BeritaPEMERINTAHAN

SiLPA Blora 2025 Capai Rp. 90,57 Miliar, Rp. 41 Miliar Disiapkan untuk Program Prioritas Masyarakat

×

SiLPA Blora 2025 Capai Rp. 90,57 Miliar, Rp. 41 Miliar Disiapkan untuk Program Prioritas Masyarakat

Sebarkan artikel ini

BLORA, (blora-ekspres.com) – Pemerintah Kabupaten Blora mencatat Sisa Lebih Perhitungan Anggaran (SiLPA) Tahun Anggaran 2025 sebesar Rp. 90,57 miliar. Dari jumlah tersebut, sekitar Rp. 41 miliar masih belum dialokasikan dan akan diarahkan untuk mendukung program prioritas yang berdampak langsung terhadap peningkatan kesejahteraan masyarakat.

Hal tersebut disampaikan Bupati Blora Arief Rohman saat memberikan jawaban atas pandangan umum fraksi-fraksi DPRD terhadap Rancangan Peraturan Daerah tentang Pertanggungjawaban Pelaksanaan APBD Kabupaten Blora Tahun Anggaran 2025 dalam rapat paripurna DPRD Blora, Selasa (28/07/2026).

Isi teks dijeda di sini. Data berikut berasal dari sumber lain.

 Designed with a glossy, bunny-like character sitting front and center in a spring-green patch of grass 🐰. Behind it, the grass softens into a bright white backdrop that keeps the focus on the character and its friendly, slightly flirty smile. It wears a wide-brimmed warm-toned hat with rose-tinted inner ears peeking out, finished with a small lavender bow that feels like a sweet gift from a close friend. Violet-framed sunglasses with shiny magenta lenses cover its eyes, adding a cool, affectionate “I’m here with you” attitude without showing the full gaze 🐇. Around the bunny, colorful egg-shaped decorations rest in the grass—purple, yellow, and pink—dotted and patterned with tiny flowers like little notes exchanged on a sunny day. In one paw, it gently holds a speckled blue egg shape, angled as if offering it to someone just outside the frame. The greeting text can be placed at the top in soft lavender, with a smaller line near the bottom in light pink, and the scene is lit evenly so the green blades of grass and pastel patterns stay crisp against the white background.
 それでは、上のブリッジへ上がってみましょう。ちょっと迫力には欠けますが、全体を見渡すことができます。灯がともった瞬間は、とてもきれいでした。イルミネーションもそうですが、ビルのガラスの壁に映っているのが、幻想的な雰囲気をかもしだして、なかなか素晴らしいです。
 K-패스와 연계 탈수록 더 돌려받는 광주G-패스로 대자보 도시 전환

Dalam rapat yang dipimpin Ketua DPRD Blora, Mustopa, Mas Arief, sapaan akrab Bupati Blora menjelaskan, bahwa SiLPA tersebut terdiri atas SiLPA terikat sekitar Rp. 34 miliar dan SiLPA bebas sekitar Rp. 56 miliar.

“SiLPA yang masih belum teralokasi akan kita bahas dalam perubahan anggaran. Prioritasnya untuk program-program yang memberikan dampak langsung kepada masyarakat,” ujar Mas Arief.

Menurut Mas Arief, pengelolaan anggaran harus tetap mengedepankan prinsip efektivitas dan manfaat. Setiap belanja daerah diarahkan agar mampu mendukung pembangunan serta meningkatkan pelayanan kepada masyarakat.

Selain membahas SiLPA, Bupati juga menyampaikan strategi peningkatan pendapatan daerah. Pemkab Blora akan terus mengoptimalkan Pendapatan Asli Daerah (PAD), termasuk melalui penguatan kelembagaan pengelola pendapatan agar lebih fokus dan efektif.

“Pengelolaan pendapatan harus semakin diperkuat. Kita ingin potensi yang ada dapat dikelola secara maksimal untuk mendukung pembangunan daerah,” jelas Mas Arief.

Mas Arief juga menyampaikan, adanya respons positif dari pemerintah pusat terkait peluang peningkatan Dana Bagi Hasil (DBH). Menurutnya, peluang tersebut akan terus dikawal agar memberikan manfaat bagi kemampuan fiskal daerah.

Dalam sektor belanja, Mas Arief memastikan Belanja Tidak Terduga (BTT) akan terus dioptimalkan sesuai ketentuan, terutama untuk menghadapi kondisi darurat seperti bencana kekeringan.

Ia mengungkapkan sejumlah wilayah di Kabupaten Blora, khususnya kawasan selatan seperti Doplang dan Randublatung, mulai terdampak musim kemarau.

Karena itu, BPBD, PDAM, OPD terkait, DPRD, serta seluruh pihak diminta memperkuat koordinasi agar distribusi bantuan air bersih berjalan cepat dan tepat sasaran.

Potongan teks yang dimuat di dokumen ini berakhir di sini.